BEGIN Records

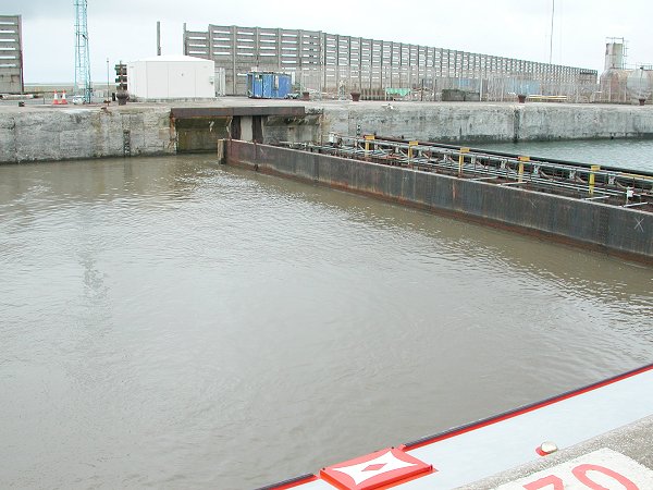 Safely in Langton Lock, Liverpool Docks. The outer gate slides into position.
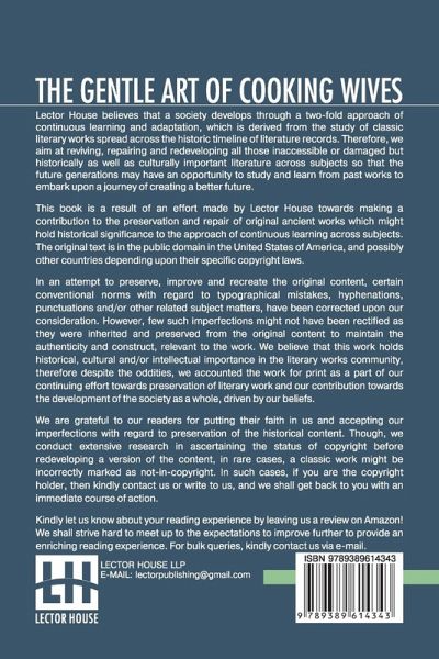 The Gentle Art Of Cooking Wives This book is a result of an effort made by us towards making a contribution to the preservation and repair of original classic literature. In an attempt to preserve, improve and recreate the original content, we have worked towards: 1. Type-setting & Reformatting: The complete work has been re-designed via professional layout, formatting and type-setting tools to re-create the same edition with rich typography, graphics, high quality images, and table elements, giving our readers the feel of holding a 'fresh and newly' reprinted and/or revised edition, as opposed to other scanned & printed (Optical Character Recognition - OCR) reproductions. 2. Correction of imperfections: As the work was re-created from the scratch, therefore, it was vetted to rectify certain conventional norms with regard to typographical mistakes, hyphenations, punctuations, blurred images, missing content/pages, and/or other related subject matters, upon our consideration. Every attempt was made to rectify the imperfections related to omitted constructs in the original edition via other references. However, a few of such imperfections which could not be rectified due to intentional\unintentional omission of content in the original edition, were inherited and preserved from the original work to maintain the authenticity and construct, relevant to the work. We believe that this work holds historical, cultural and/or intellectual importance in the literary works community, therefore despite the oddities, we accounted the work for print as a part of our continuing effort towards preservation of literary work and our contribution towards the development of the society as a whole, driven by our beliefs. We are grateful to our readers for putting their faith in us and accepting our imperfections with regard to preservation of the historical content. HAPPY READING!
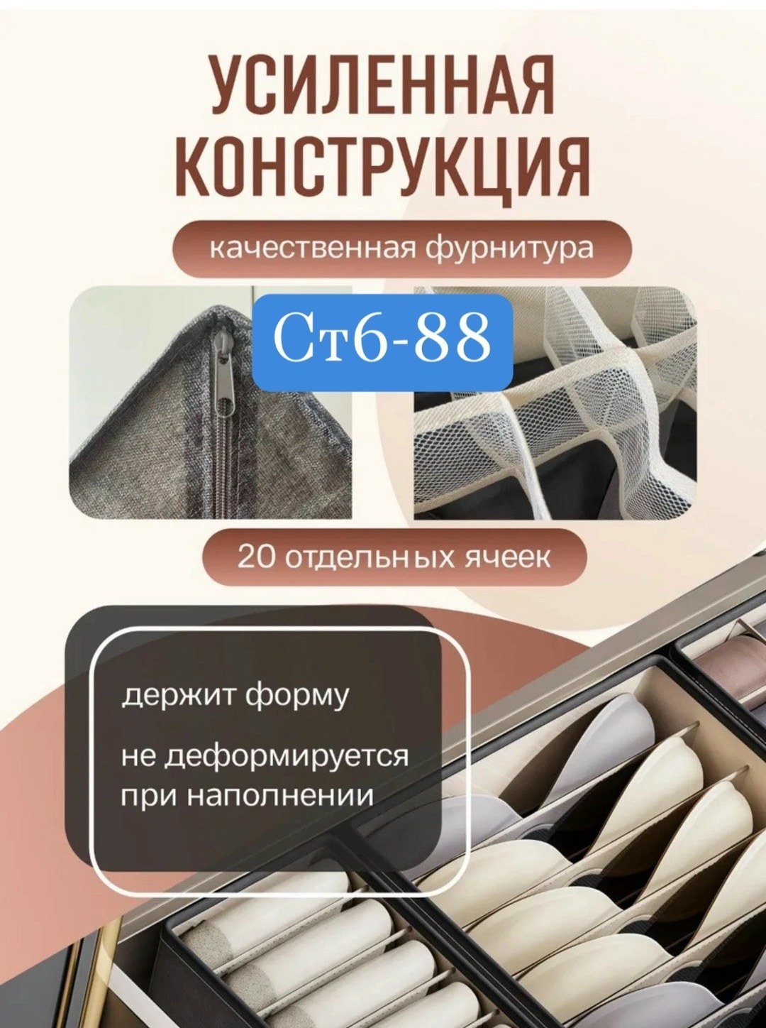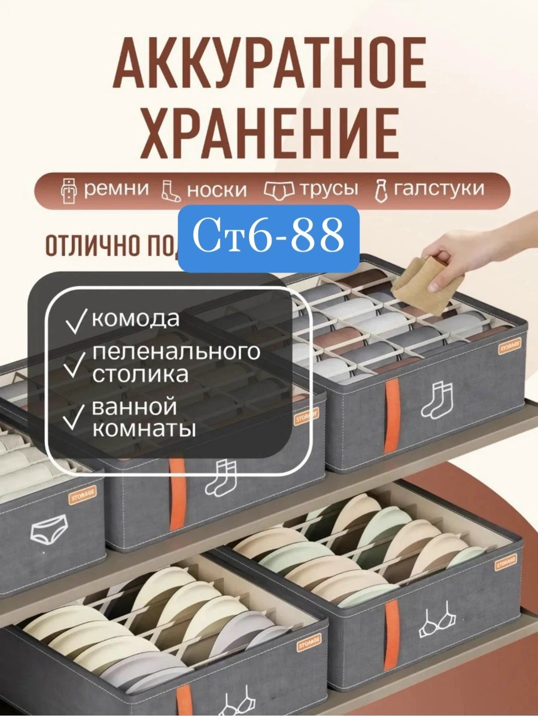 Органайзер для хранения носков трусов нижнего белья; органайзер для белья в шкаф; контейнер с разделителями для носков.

END Records
BEGIN Records

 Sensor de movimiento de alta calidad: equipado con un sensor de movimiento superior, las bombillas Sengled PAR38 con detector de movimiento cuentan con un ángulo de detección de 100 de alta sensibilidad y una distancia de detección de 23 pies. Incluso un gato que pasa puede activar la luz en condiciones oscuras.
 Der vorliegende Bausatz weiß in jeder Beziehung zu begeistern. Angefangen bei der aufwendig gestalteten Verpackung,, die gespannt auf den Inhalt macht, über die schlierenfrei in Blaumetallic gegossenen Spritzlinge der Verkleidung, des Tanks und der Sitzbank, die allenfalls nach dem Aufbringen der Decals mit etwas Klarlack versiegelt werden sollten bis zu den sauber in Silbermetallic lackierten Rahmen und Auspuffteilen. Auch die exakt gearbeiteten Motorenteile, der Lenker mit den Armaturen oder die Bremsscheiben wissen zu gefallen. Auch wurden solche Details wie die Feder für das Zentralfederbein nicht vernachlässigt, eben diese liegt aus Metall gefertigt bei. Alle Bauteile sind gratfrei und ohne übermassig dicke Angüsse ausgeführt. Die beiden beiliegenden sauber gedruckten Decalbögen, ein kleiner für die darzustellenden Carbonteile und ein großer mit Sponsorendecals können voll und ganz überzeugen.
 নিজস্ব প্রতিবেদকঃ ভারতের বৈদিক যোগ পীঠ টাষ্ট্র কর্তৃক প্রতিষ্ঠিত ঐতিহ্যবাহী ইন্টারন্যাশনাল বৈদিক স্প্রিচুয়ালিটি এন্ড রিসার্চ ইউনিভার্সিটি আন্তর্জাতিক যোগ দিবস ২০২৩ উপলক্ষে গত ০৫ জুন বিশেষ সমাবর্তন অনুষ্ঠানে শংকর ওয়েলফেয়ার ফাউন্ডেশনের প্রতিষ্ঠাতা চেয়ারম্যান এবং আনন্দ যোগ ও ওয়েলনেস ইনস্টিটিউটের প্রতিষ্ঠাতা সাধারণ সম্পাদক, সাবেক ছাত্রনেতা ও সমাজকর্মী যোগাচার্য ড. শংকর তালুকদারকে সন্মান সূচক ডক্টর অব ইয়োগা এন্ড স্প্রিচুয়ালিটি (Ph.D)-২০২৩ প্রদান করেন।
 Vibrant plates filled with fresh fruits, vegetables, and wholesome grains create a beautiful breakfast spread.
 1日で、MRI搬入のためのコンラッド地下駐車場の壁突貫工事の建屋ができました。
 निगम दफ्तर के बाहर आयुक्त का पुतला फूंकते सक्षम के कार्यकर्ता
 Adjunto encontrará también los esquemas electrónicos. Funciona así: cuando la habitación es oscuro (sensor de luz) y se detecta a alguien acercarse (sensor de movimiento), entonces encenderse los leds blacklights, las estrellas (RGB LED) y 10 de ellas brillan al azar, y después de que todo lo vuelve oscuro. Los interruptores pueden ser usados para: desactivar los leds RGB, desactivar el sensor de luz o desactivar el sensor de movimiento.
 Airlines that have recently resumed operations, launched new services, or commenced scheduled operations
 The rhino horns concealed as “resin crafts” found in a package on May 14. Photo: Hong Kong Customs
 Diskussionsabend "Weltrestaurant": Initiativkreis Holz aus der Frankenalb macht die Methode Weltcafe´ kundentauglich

END Records

- Exercise
Among the entries above, the lines between the ones containing "Vibrant plates filled" and "निगम दफ्तर के", inclusive, are to be transcribed exactly. No other line is to be given.

- Written response
 Vibrant plates filled with fresh fruits, vegetables, and wholesome grains create a beautiful breakfast spread.
 1日で、MRI搬入のためのコンラッド地下駐車場の壁突貫工事の建屋ができました。
 निगम दफ्तर के बाहर आयुक्त का पुतला फूंकते सक्षम के कार्यकर्ता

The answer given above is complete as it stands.